AUTOMATING THE USAGE OF UNAMBIGUOUS NOES IN NUCLEAR VECTOR REPLACEMENT FOR NMR PROTEIN STRUCTURE-BASED ASSIGNMENTS
Industrial Engineering, M.Sc. Thesis, 2013
Assoc. Prof. Bülent Çatay (Thesis Supervisor), Asst. Prof. Mehmet Serkan Apaydın, Prof. Dr. Uğur Osman Sezerman, Asst. Prof. Kemal Kılıç, Asst. Prof. Hasan Otu
Date &Time: July,22th, 2013 – 13:00
Place: FENS L055
Keywords: Automated NMR Assignment, Tabu Search, NMR Structural Biology, Structural Bioinformatics, Nuclear Overhauser Effect (NOE), Ant Colony Optimization (ACO), Computational Biology, and Metaheuristics.
Proteins perform various functions and tasks in living organisms. The structure of a protein is essential in identifying the protein function. Therefore, determining the protein structure is of upmost importance. Nuclear Magnetic Resonance (NMR) is one of the experimental methods used to determine the protein structure. The bottleneck in NMR protein structure determination is assigning NMR peaks to corresponding nuclei, which is known as the assignment problem. This assignment process is manually performed in many laboratories. In this thesis, we have developed methodologies and software to automate this process.
The Structure Based Assignment (SBA) is an approach to solve this computationally challenging problem by using prior information about the protein that is obtained from a template structure. NVR-BIP is an approach that uses the Nuclear Vector Replacement (NVR) framework to model SBA as a binary integer programming problem. NVR-TS is a tabu search algorithm equipped with a guided perturbation mechanism to handle the proteins with larger residue numbers.
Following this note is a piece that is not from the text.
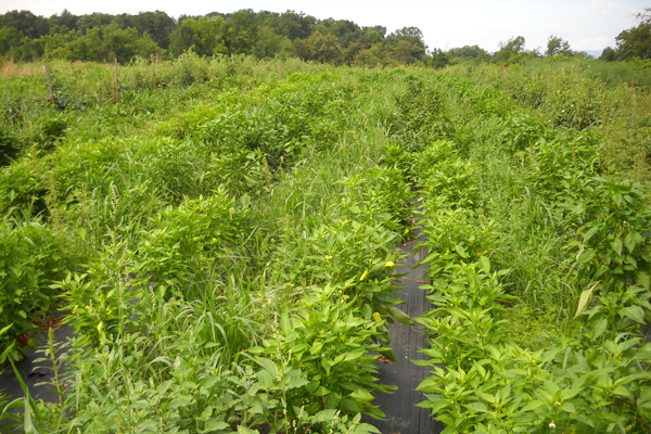 Wait, you say, the weeds are as big as ever. Yes, food fans, they were. It turns out weeds grow – and faster than most crops. What you see are the weeds that grew up between the rows of peppers, which are almost as pernicious as those growing cheek by jowl with the plants. Three hours with a lawn mower operated by an unpaid field hand, and the field is restored to its former glory.

NVR-ACO is an ant colony optimization approach that is inspired by the behavior of living ants to minimize peaks-nuclei matching cost. One of the input data utilized in these approaches is the Nuclear Overhauser Effect (NOE) data. NOE is an interaction observed between two protons if the protons are located close in space. These protons could be amide protons (HN), protons attached to the alpha-carbon atom in the backbone of the protein (HA), or side chain protons. NVR only uses backbone protons. In the previous approaches using the NVR framework, the proton type was not distinguished in the NOEs and only the HN coordinates were used to incorporate the NOEs into the computation. In this thesis, we fix this problem and use both the HA and HN coordinates and the corresponding distances in our computations. In addition, in the previous studies within this context the distance threshold value for the NOEs was manually tuned for different proteins. However, this limits the application of the methodology for novel proteins. In this thesis we set the threshold value in a standard manner for all proteins by extracting the NOE upper bound distances from the data. Furthermore, for the Maltose Binding Protein (MBP), we extract the NOE upper bound distances from the NMR peak intensity values directly.
We tested our approach on NVR-BIP's data set and compared our new approaches with NVR-BIP, NVR-TS, and NVR-ACO. The experimental results show that the proposed approach improves the assignment accuracies significantly. In particular, we achieved 100% assignment accuracy on EIN and 78% assignment accuracy on MBP proteins as compared to 83% and 73% accuracies, respectively, obtained in the previous approaches.